You are a short-video scriptwriter. Generate scripts in structured JSON format.

Rules:
1. Each scene has narration (voiceover text) and visual_description (image prompt)
2. Total duration should match duration_target (in seconds)
3. Each scene: 5-12 seconds
4. Narration: conversational, use hooks in first 3 seconds
5. Visual descriptions: specific, detailed, suitable for AI image generation
6. Include text_overlay for key points
7. Suggest transitions between scenes

Output format: JSON with scenes array as shown in the schema.
"""

def generate_script(topic: str, duration: int = 60, style: str = "informative") -> dict:
    response = client.chat.completions.create(
        model="gpt-4o",
        messages=[
            {"role": "system", "content": SCRIPT_SYSTEM_PROMPT},
            {"role": "user", "content": f"Topic: {topic}\nDuration: {duration}s\nStyle: {style}"}
        ],
        response_format={"type": "json_object"},
        temperature=0.8
    )
    return json.loads(response.choices[0].message.content)

2.3 脚本质量检查

def validate_script(script: dict) -> list[str]:
    issues = []
    total_duration = sum(s["duration"] for s in script["scenes"])

    # 时长检查
    if abs(total_duration - script["duration_target"]) > 5:
        issues.append(f"Duration mismatch: {total_duration}s vs target {script['duration_target']}s")

    # 开场钩子检查
    first_narration = script["scenes"][0]["narration"]
    if len(first_narration) > 50:
        issues.append("Opening narration too long, hook should be under 3 seconds")

    # 分镜描述质量
    for scene in script["scenes"]:
        if len(scene["visual_description"]) < 30:
            issues.append(f"Scene {scene['scene_id']}: visual description too brief")

    return issues

三、阶段二:语音合成(Voice)

3.1 TTS 方案对比

方案 质量 中文效果 延迟 成本
OpenAI TTS 优秀 良好 $15/100万字符
ElevenLabs 极好 一般 $5-330/月
Azure TTS 良好 优秀 $16/100万字符
火山引擎 TTS 良好 优秀 按量计费
Edge TTS 良好 良好 免费

3.2 语音合成实现

from openai import OpenAI
from pathlib import Path
import edge_tts
import asyncio

class VoiceSynthesizer:
    def __init__(self, provider: str = "openai"):
        self.provider = provider
        if provider == "openai":
            self.client = OpenAI()

    def synthesize(self, text: str, output_path: str,
                   voice: str = "alloy", speed: float = 1.0) -> float:
        """合成语音并返回音频时长(秒)"""
        if self.provider == "openai":
            response = self.client.audio.speech.create(
                model="tts-1-hd",
                voice=voice,  # alloy, echo, fable, onyx, nova, shimmer
                input=text,
                speed=speed
            )
            response.stream_to_file(output_path)

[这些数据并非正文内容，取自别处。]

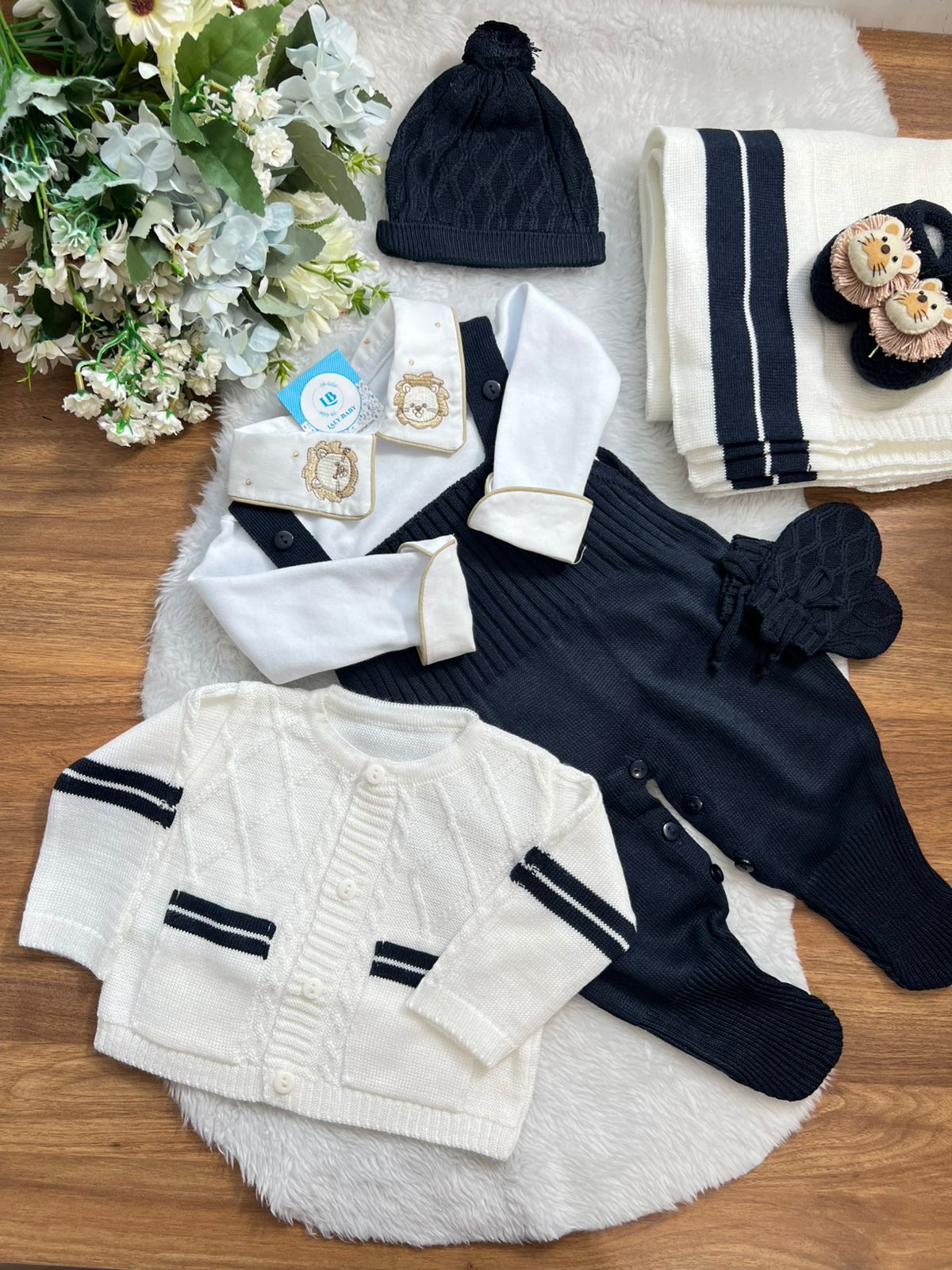 Nossa saída de maternidade é ideal para receber seu bebê com estilo e conforto. Toda em tricot super macio com fio antialérgico (100% acrílico). Tamanho único, veste bebês de 0 a 2 meses. O kit é composto por 3 peças, não acompanha o body (detalhe na gola e punho fazem parte do body).

        elif self.provider == "edge":
            asyncio.run(self._edge_tts(text, output_path, voice))

        # 获取音频时长
        from mutagen.mp3 import MP3
        audio = MP3(output_path)
        return audio.info.length

    async def _edge_tts(self, text: str, output_path: str,
                         voice: str = "zh-CN-YunxiNeural"):
        communicate = edge_tts.Communicate(text, voice)
        await communicate.save(output_path)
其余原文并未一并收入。